Mr. J.D., on the other hand, has powerful reasons to lie. He does not want to be convicted of these offences. L.C. also has reasons to lie. She relies on Mr. J.D., both financially and emotionally. Further, she admitted in Court to lying to the Children's Aid Society in order to keep her family intact.
Demeanour and Consistency of the Complainant
T.H. did not demonstrate a level of animosity towards Mr. J.D. that one might expect considering her allegations. I noted that she seemed to blame herself in part for what she let him do in order to get her rewards. In addition, she carefully avoided overstating what he had done. She was very clear that he had never used force or threatened to use force with her. She was very clear that he had never had sexual intercourse with her. She indicated that he persisted for a while in trying to talk her into it, but when she stuck to saying "no", he accepted that. In fact, he also accepted it when she said "no", even in the end when she said that she would no longer do what she had been doing up until then.
T.H. was very candid about her own bad behaviour. She admitted stealing drugs from Mr. J.D. She admitted to committing criminal offences against her boyfriend and to breaching her bail. She admitted to behaving very badly in court during her bail hearing.
Frequency of Abuse
Counsel for Mr. J.D. argued that T.H. said that the abuse had occurred weekly and sometimes several times a week. Accordingly, the abuse must have occurred hundreds of times. Counsel argued that it was impossible that the other children never walked in on any of these occasions. I note that T.H. did not say that it happened weekly or that it occurred several times per week. She said that it happened regularly over the years. She did not, however, say "frequently". She in fact stated that she was uncertain as to how often it did happen. I also note that T.H. testified that there were occasions when the children did start to come in while the abuse was occurring.
Corroborating Evidence
I note that H.S. corroborated her evidence with respect to Mr. J.D. providing her with pain killers.

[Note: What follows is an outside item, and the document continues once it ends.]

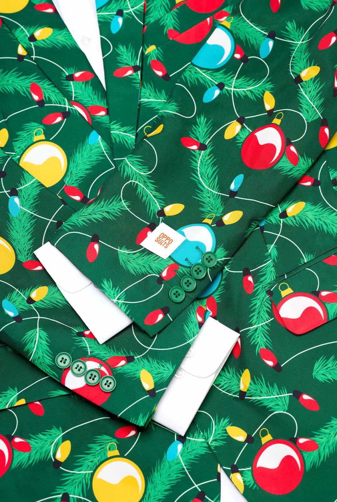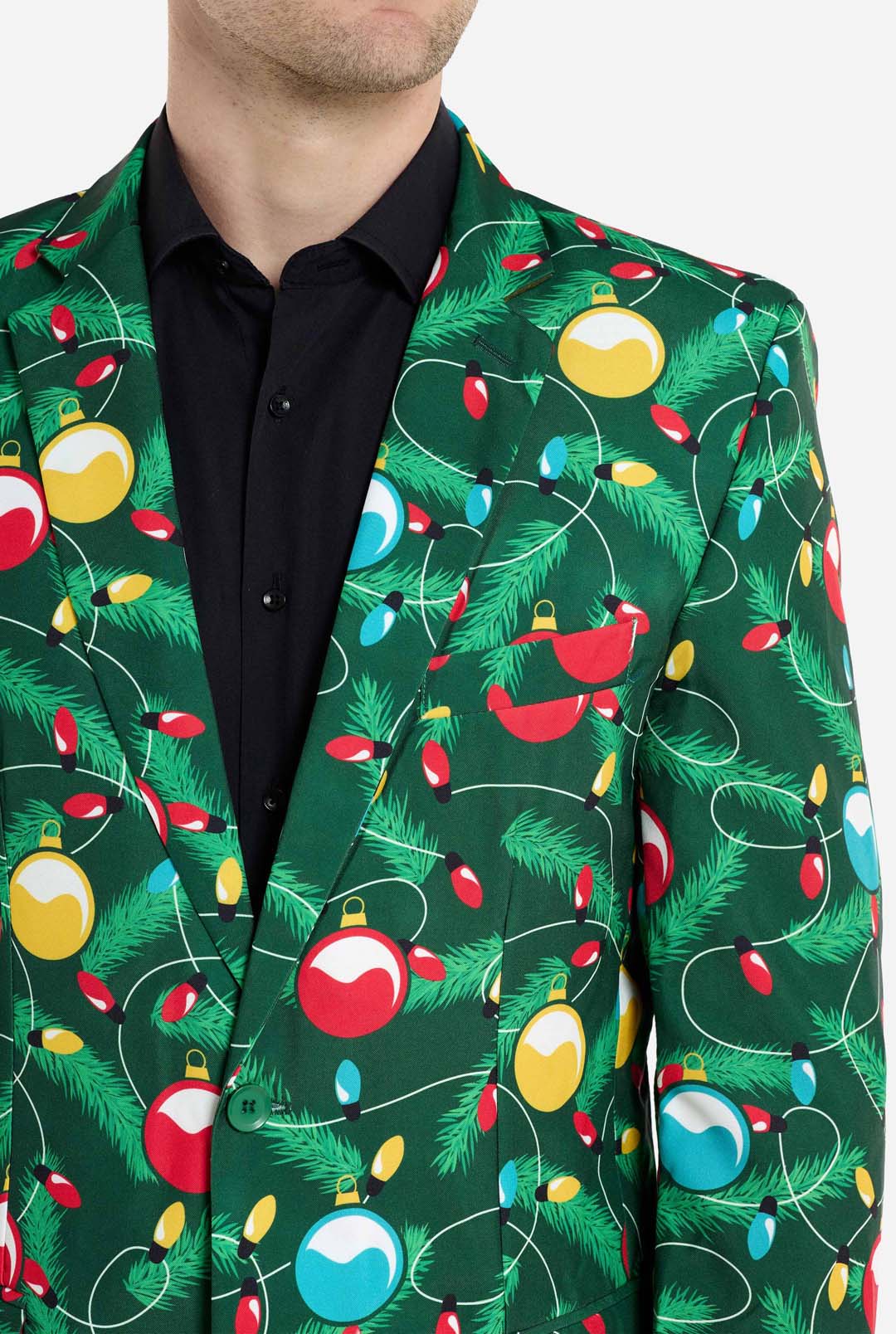 A bright and bold Christmas blazer featuring a lively tree-and-lights print that lights up the room.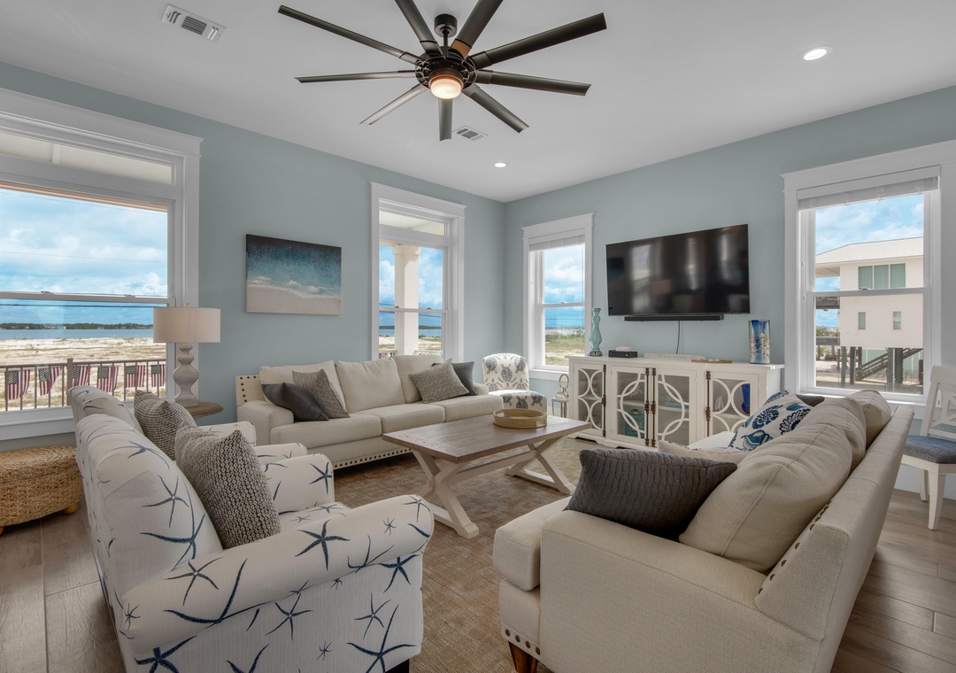 Living Area: Queen Sleeper Sofa, Water Views, Access to Covered Porch

I note that T.H. said that Mr. J.D. was capable of performing and receiving oral sex following his surgery. Mr. J.D. testified that he was not. L.C. was not asked about this and did not say anything about it.

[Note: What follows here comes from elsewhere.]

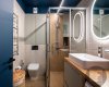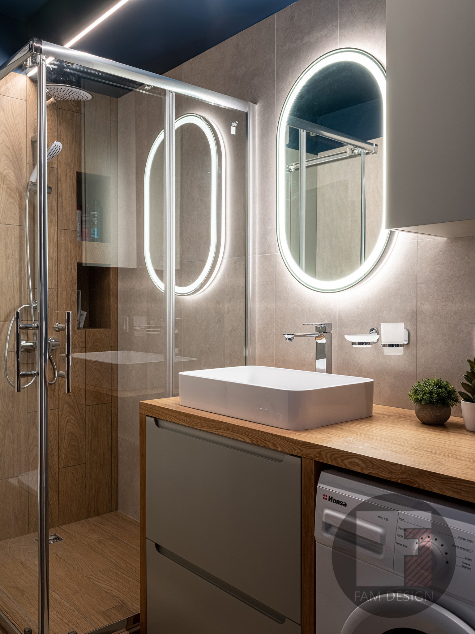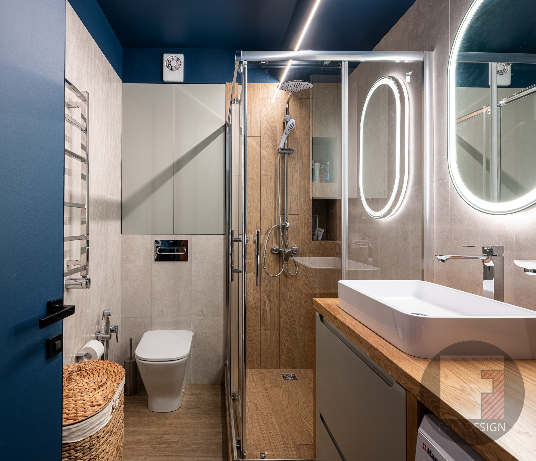 Эти небольшие апартаменты наши заказчики используют во время своих частых визитов в Москву. В задачах стояло создание удобного пространства для работы и отдыха, предусмотреть места хранения и возможность работать или отдыхать не мешая друг-другу, сделать интерьер ярким и современным и уйти от банальных и ставших слишком популярными решений вроде уже поднадоевшего лофта. Маленькое помещение с большим количеством задач? Мы обожаем такие вызовы! Чтобы создать удобную планировку, пришлось поломать голову и рассмотреть множество вариантов. В итоге удалось схитрить и появился диагональный коридорчик, который не только преобразил геометрию помещения, но и позволил разместить все требуемое: 2 просторные гардеробные, удобную ванную комнату с большой душевой кабиной, стиральной машиной и возможностью не чувствовать себя как на складе сантехники). Удалось выгородить отдельную спальню и в ней рабочую зону у окна, светлую, с глубоким подоконником и красивым фоном для съемки. Проект реализован полностью - от идеи до переезда хозяев.

T.H. said that she did not see a noticeable scar from the surgery. Mr. J.D. and L.C. both said that the scars were quite apparent. As I noted earlier, however, they disagreed as to the appearance of the scars. That leads me to conclude that any scarring is not so obvious as they suggested.
Conclusion
For the reasons given, I did not believe Mr. J.D. or L.C. Further, their evidence did not leave me with a reasonable doubt as to the guilt of Mr. J.D. I did believe the evidence of T.H. Based on her evidence and all the other evidence that I did accept, I am satisfied that the Crown has proven guilt beyond a reasonable doubt with respect to all of the charges before me. I therefore find Mr. J.D. guilty of all charges.
Certificate of Transcript
FORM 2
CERTIFICATE OF TRANSCRIPT
Evidence Act, Section 5(2)
I, Wendy Ponka, certify that this document is a true and accurate transcript of the recording of R. v. J.D. in the Ontario Court of Justice held at Burlington, Ontario, which has been certified in Form 1.
Date: July 9, 2015
Signed Digitally: July 9, 2015
Wendy Ponka, COM, CVR, ICDR, ICDT, CLR, CSU, ACT
(Commissioner of Oaths, Certified Verbatim Reporter, Internationally Certified Digital Reporter, Internationally Certified Digital Transcriptionist, Certified LiveNote Reporter, Certified SpeechCAT User, Authorized Court Transcriptionist - ACT#5076574572)
*This Certificate does not apply to transcripts which have been judicially edited.